By contrast, in a digital world, when the entire supply chain shares real-time stock information through a secure blockchain portal, there would be no need for suppliers or manufacturers to wait for a phone call at all. “You would know that one pharmacy is running lower than the others, so you could prioritise where the product goes in a much smarter and more efficient way,” says Ruiz, before pausing, as if for emphasis. It’s not his emphasis. The phone line has cut.

Unblock the chain

It’s unlikely that blockchain is going to make a telling difference to the distribution of Covid-19 vaccines over the next couple of years, but that doesn’t have to be the point. In Tudor’s terms, it’s big and ugly enough to have an impact without being implemented.
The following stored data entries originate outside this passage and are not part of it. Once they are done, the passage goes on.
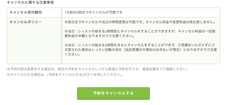 予約のキャンセルは【予約内容照会画面】のリンクからもご利用頂けます。前日までのキャンセルは可能です(キャンセル料金0円)。※当日のキャンセルや時間変更は電話かEメールにて教室にご連絡ください。※レッスンの始まる2時間前とキャンセルをすることができますが、キャンセル料金は一回授業料金の半額となりますのでご注意ください。レッスンの始まる2時間をきるとキャンセルをすることができず、ご受講をいただけずにご欠席された場合はレッスン回数の消化(追加受講分の場合はお支払いが発生)となりますのでご注意ください。
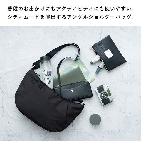 スタイリッシュなフォルムが目を惹くアングルショルダーバッグ。
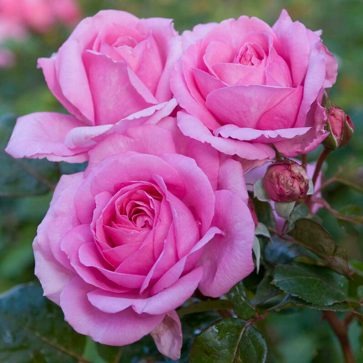 - Beautiful medium to deep pink, large hybrid tea roses with a hint of lilac, on a sturdy plant with a lovely fragrance and glossy foliage
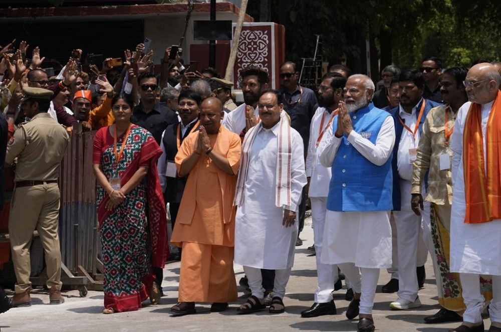VARANASI, India (AP) — Indian Prime Minister Narendra Modi was in the holy Hindu city of Varanasi on Tuesday surrounded by his party leaders and supporters as he formally filed paperwork to run in an ongoing election that is essentially a referendum on his decade in power.
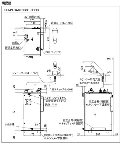 ■ 電気温水器本体は必ず吐水口より下に設置してください。
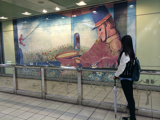 吃完了,闺蜜就陪我完成我的心愿~来到了南港站(几米)就是满满的几米画像!由于个人非常喜欢几米的画.
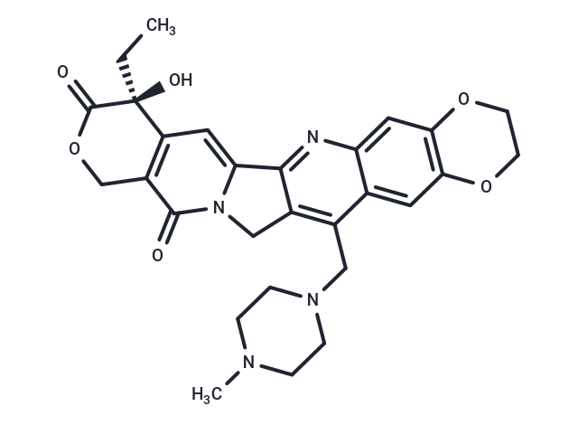Gimatecan (ST1481) 是一种有效的拓扑异构酶 I (topoisomerase I) 抑制剂。Gimatecan 是一种具有口服活性的喜树碱类似物。具有抗肿瘤活性。
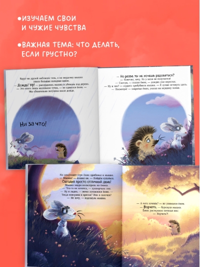«Мышка, мышка, не грусти!» — уютная сказка о том, что грустить — это не плохо. Книжка научит ребенка спокойно проживать грусть и расскажет, как помочь другу, у которого плохое настроение. А благодаря забавным персонажам, оживающим на иллюстрациях автора, читать эту книжку будет еще увлекательнее!
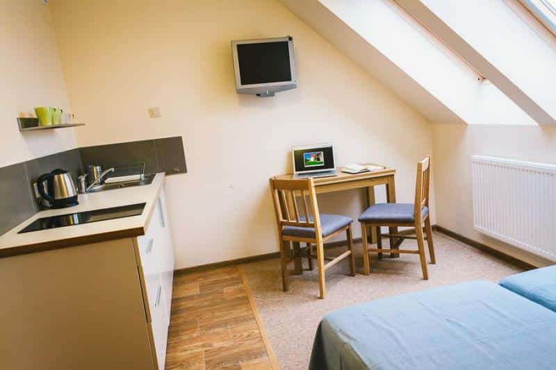 – Dwupokojowe apartamenty z własną kuchnią i łazienką.
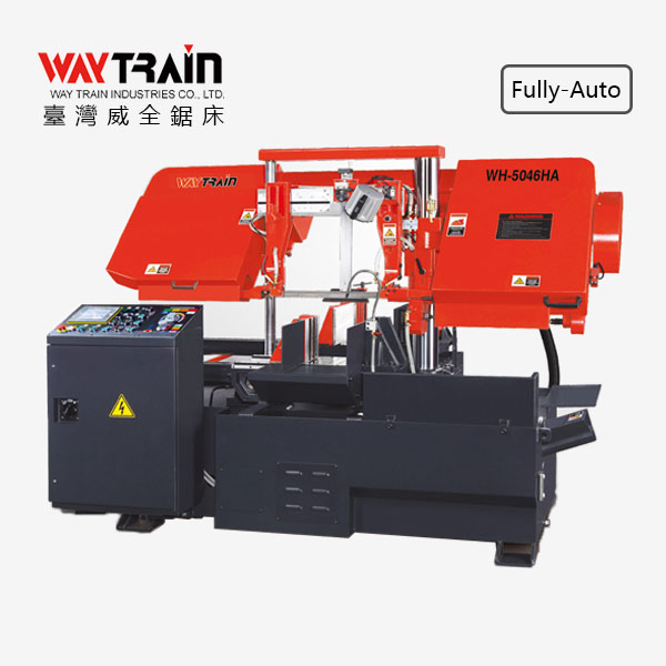 • WA-7062HA 雙柱式全自動帶鋸機 觸控螢幕及九種切削工作設定 油壓鋸帶張力裝置 油壓馬達自動鐵屑輸送裝置 油壓鋸帶張力夾持裝置 變頻器控制鋸帶無段變速 油壓式前培林支架移動及定位 重型切削帶鋸機 高切
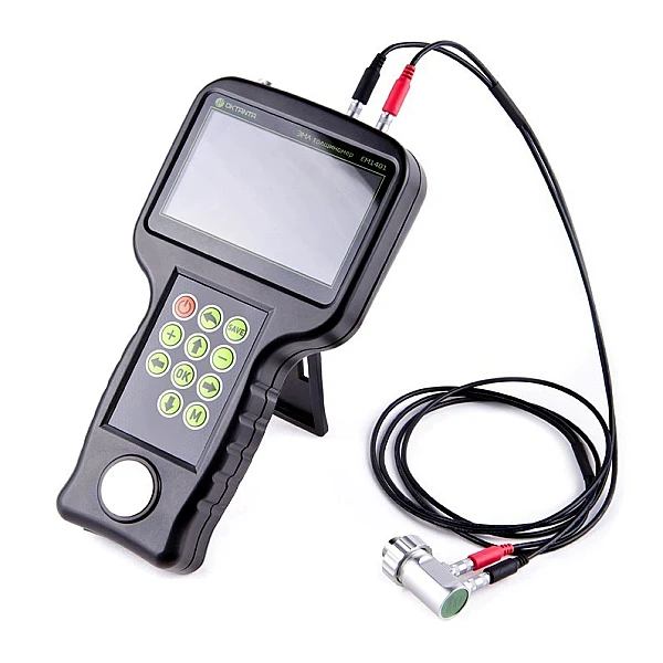 Толщиномер EM1401 UT имеет возможность подключения высокотемпературного датчика EMT14014T, который позволяет измерять толщину горячих объектов, нагретых до 750 градусов по Цельсию. В приборе реализован специальный алгоритм, учитывающий изменение скорости распространения звука в металле от температуры.
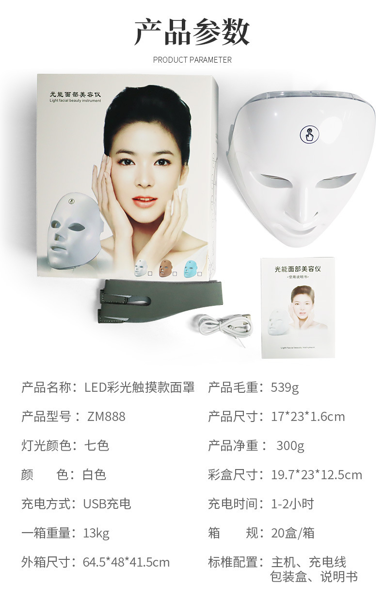Espectrómetro, máscara facial con luz de color de siete colores, máscara facial, rejuvenecimiento de la piel, espectroscopía led de fotones, instrumento de belleza

“This perhaps would be my key message,” continues Ruiz, on a new line. “We need to use consortiums to agree on standards across the industry, or we will never be able to scale up digitisation. We haven’t found blockchain to resolve specific problems yet, but we’re using it to trigger a consortium mentality.”

Covid-19 is having a similar effect, not least because of all the uncertainty around which vaccines – and vaccine technologies – will actually require the manufacturing capacity. Companies acting alone and making the wrong brick-and-mortar investments could cost themselves hundreds of millions of dollars.

Inherently scalable, digitisation will make it possible for supply chains to duplicate or multiply their capacity for marginal extra costs, so long as companies give up a little control. Blockchain’s ‘trustless’ technology is not foolproof, but nor are any other ways of reaching accords. There’s a lesson for states in there somewhere.

“Yes, there’s a lot of competition between players,” admits Ruiz, “but our biggest competitor is really the affordability of the product and the availability of resources within a nation to pay for medicines.” That’s as basic as it gets.